Telur pada dasarnya adalah bakal calon individu baru yang dihasilkan dari individu betina. Bila terjadi pembuahan maka telur akan berkembang menjadi embrio dan selanjutnya terbentuk individu baru setelah lahir atau menetas. Istilah telur merujuk pada sel telur yang berkembang pada saluran reproduksi aves betina. Karena komposisi telur merupakan zat nutrisi yang edibel maka selanjutnya telur diproduksi untuk konsumsi manusia. Bahkan telah lama berkembang teknologi peternakan (terutama rekayasa genetika dan nutrisi) yang menghasilkan ayam yang hanya bertelur dan selanjutnya menjadi industri telur (Suharyanto 2009). Saat ini konsumsi untuk komoditi telur Indonesia mencapai 5.5 kg/kapita/tahun (Darajati 2009). Konsumsi tersebut mengalami peningkatan dari tahun sebelumnya yaitu rata-rata sebesar 4.6 persen/tahun. Kondisi yang demikian dapat menjadi peluang usaha bagi peternak unggas di Indonesia.
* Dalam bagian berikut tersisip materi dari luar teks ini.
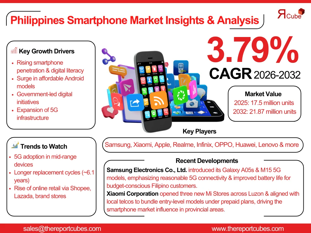 The Philippines Smartphone Market reached a value of nearly USD 17.5 million units in 2025. The market is assessed to grow at a CAGR of around 3.79%, during the forecast period of 2026-2032 to attain a value of around USD 21.87 million units in 2032.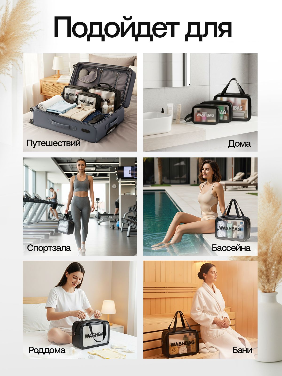 Набор косметичек WASHBAG 3 шт — ваш идеальный помощник в путешествиях, спорте и повседневной жизни.

Telur yang biasa dikonsumsi saat ini berasal dari ayam-ayam yang ”diciptakan” khusus untuk selalu bertelur yang disebut dengan ayam ras petelur. Namun demikian jenis ayam ataupun unggas lainnya juga bisa menghasilkan telur baik yang dibuahi maupun yang tidak dan dijadikan bahan makanan bagi manusia dengan tingkat kualitas yang relatif sama. Telur juga memiliki karakteristik sebagaimana bahan makan lainnya. Telur relatif lebih tahan lama pada kondisi penyimpanan suhu kamar karena telur memiliki kulit yang mampu melindungi isinya. Meskipun memiliki kulit, telur tidak bisa diperlakukan secara sembarangan karena a) kulit telur tidak sekuat dan seliat kulit buah-buahan, b) kulit telur tipis dan rigit sehingga mudah retak dan pecah, c) kulit telur memiliki pori-pori sehingga mudah terjadi pertukaran udara dan ini membutuhkan kondisi penyimpanan dengan kelembaban dan temperatur tertentu, dan d) bentuk telur yang tidak seragam sehingga menyulitkan dalam sistem penanganan mekanis secara terus menerus (Suharyanto 2009).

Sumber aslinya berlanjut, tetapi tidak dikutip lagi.